31: Not Just a Run

31: Not Just a Run

From Chicken Soup for the Soul: Recovering from Traumatic Brain Injuries

Not Just a Run

There are only two mistakes one can make along the road to truth; not going all the way and not starting.


Suddenly I awoke. I saw my sister Melinda sitting beside me staring. “Aren’t I supposed to be at work?” I asked her.

“No John, you have today off,” she answered.

I noticed I was in a hospital gown, tied to a hospital bed. “Melinda, why can’t I move my left leg?”

“John, you were in a car accident.” I fell silent for a moment or so, before simply putting my head down and falling back asleep.

Over the next little bit, I learned that I had suffered a catastrophic traumatic brain injury in a car accident on my way to work almost two weeks before. My legs hadn’t been hurt or damaged by the accident. My brain had simply forgotten how to operate my left side. I began the usual rehabilitation that TBI survivors must deal with, including physical therapy and cognitive techniques.
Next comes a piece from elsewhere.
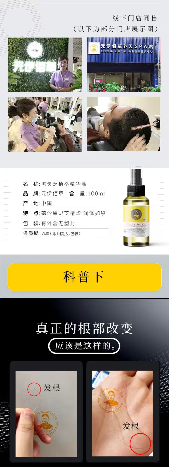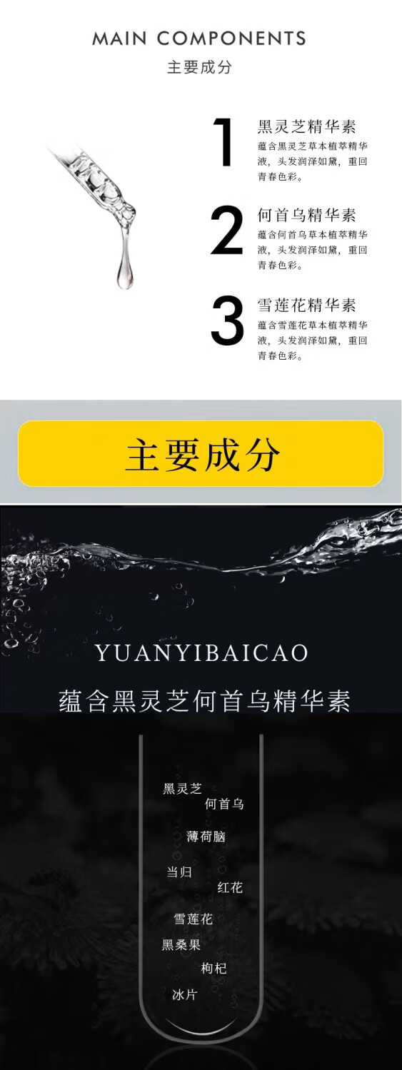 元伊佰草头皮护理何首乌养发白发治变转黑发乌发液营养实体店同款黑发精华 1瓶乌发液100ML【试用不推荐】 高配加强门店款【黑发根】

Friends and family flocked to my side, offering support, aid, advice, and just wanting to see me. As is extremely common amongst people dealing with TBI, I developed anxiety, depression, along with dealing with all the emotional problems that come with the entire situation.

It was so frightening to have to rely on a chair with wheels attached to get anywhere. The idea of going down the hall to watch TV was daunting due to the effort required; I kept traveling in circles around the hallways.

One of the things I immediately noticed was how much the gym calmed me. Growing up, I had never been a very physical person. Now I loved it. As the ability to get out of the wheelchair came back, I had to work on my balance and coordination the most. I felt so proud and happy when I finally “graduated” from the chair to a walker, then the walker to a cane; eventually I was able to stand and walk unaided. Throughout all of this time and to this day I still can’t put on my shoes without sitting down, and likely never will; but at least I am able to walk.

The gym provided the opportunity to use exercise bikes, elliptical machines, a treadmill and a track. I loved using these facilities, laying the groundwork for what was to unfold almost two years after the accident, when my close friend Rick, who is a runner, persuaded me to try it. At first it was very frustrating, as it highlighted and exaggerated all of my deficits. I started to learn more about what my recovery would entail. I was making gains physically, but now had to manage the barriers of cognitive fatigue, and lack of initiative and follow through, all of which make achieving goals very hard.

After running regularly for a month or so though, I started to love every second of it. The constant chatter in my mind quieted down. I had such a serene feeling when I was done. I even got a chip to put into my shoe to track my performance with my smartphone, which provided the ability to follow my running distances and times, giving me something solid to mark my progress, as well as giving me the push to keep going.

As the months went on, I started running farther and faster. Rick decided it would be a good idea to challenge me to run a half marathon with him. At first I was extremely reluctant. But I finally decided to accept the challenge and began looking into training options. I had only been seriously running for about two and a half months and had only participated in one organized run, a 3K.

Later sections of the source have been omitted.